Capítulo 6 Núcleos de significações e estrutura formal dos laudos produzidos

6.1 Núcleos de significações extraídos dos documentos pesquisados

6.1.7 Núcleo Mãe capaz de sustentar a vida familiar, mãe participativa e as

Diferentes significados em relação à figura materna aparecem nas falas dos atores. Um dos significados, mãe capaz de sustentar a vida conjugal, expressado nos discursos do advogado da requerida, refere-se à vivência dela na relação com o ex-marido. Em decorrência do uso de drogas e bebidas pelo ex-marido, teve uma vida difícil com ele. A agressão que dele sofreu levou ao fim do relacionamento, e um ano após a separação ganhou a guarda da criança e o pai o direito de visitas quinzenais.

O significado de mãe participativa aparece nos discursos da requerida, via advogado, e nos discursos da assistente social, quando eles afirmam que Edna sempre cuidou do filho, após a separação: “A criança se apresenta bem cuidada, sem queixas significativas na convivência com a mãe e com o pai”. Apesar de os discursos e laudos compartilharem alguns sentidos, se contradizem em outros.

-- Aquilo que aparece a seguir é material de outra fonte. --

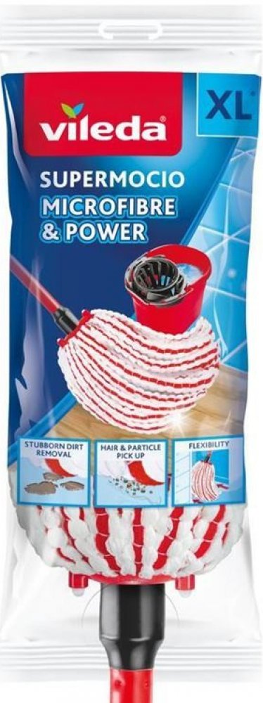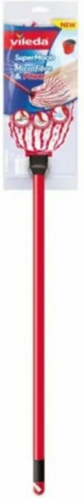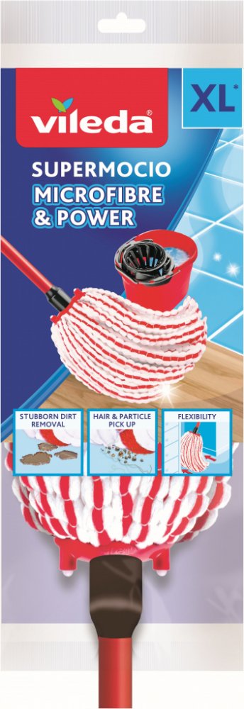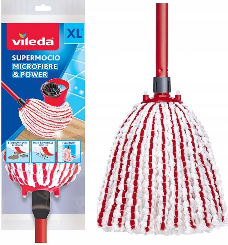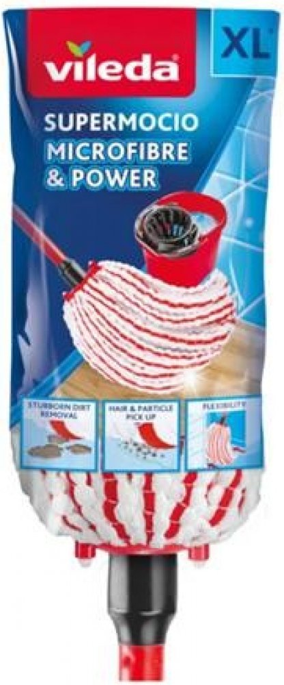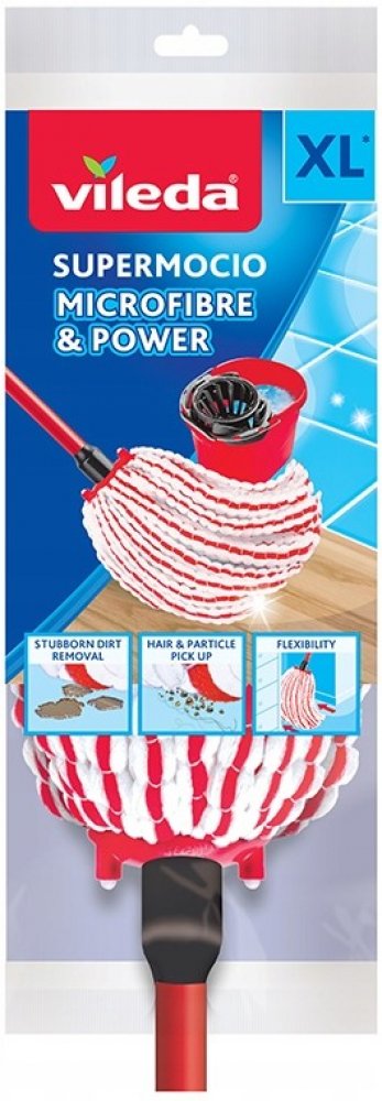 Robustní, ale flexibilní mop z mikrovláken Vileda SuperMocio Microfibre & Power je super účinný, pokud jde o odolné nečistoty a skvrny. Dlouhé bílé třásně z mikrovláken v kombinaci s červenými dělají z mopu vynikajícího pomocníka, který dokáže odstranit oleje, vlasy, částice i lepivé skvrny. Součástí mopu není kbelík. Vlastnosti: - Červená abrazivní vlákna Červená abrazivní vlákna jsou speciálně navrženy tak, aby zaručovaly lepší čisticí výkon mopu Vileda SuperMocio. Zachytávají vlasy a další částice, které by normálně zůstaly na vaší podlaze. - Dlouhá rukojeť Kovová rukojeť mopu má dél

Um deles se relaciona ao trabalho da mãe, em que afirma, para o advogado, que Henrique fica com a avó somente durante o seu trabalho. Porém, expressa a psicóloga que Edna passa o tempo todo na casa cuidando dos filhos. Essa contradição talvez possa ser esclarecida pelo fato de a requerida trabalhar em casa, como vendedora de bolsas, ou como aponta seu advogado, ser microempresária de roupas e de produtos de beleza, bem como, em alguns momentos, atuar no bufê do tio: “Trabalha para prover a subsistência do menor, já que a pensão alimentícia é insuficiente”.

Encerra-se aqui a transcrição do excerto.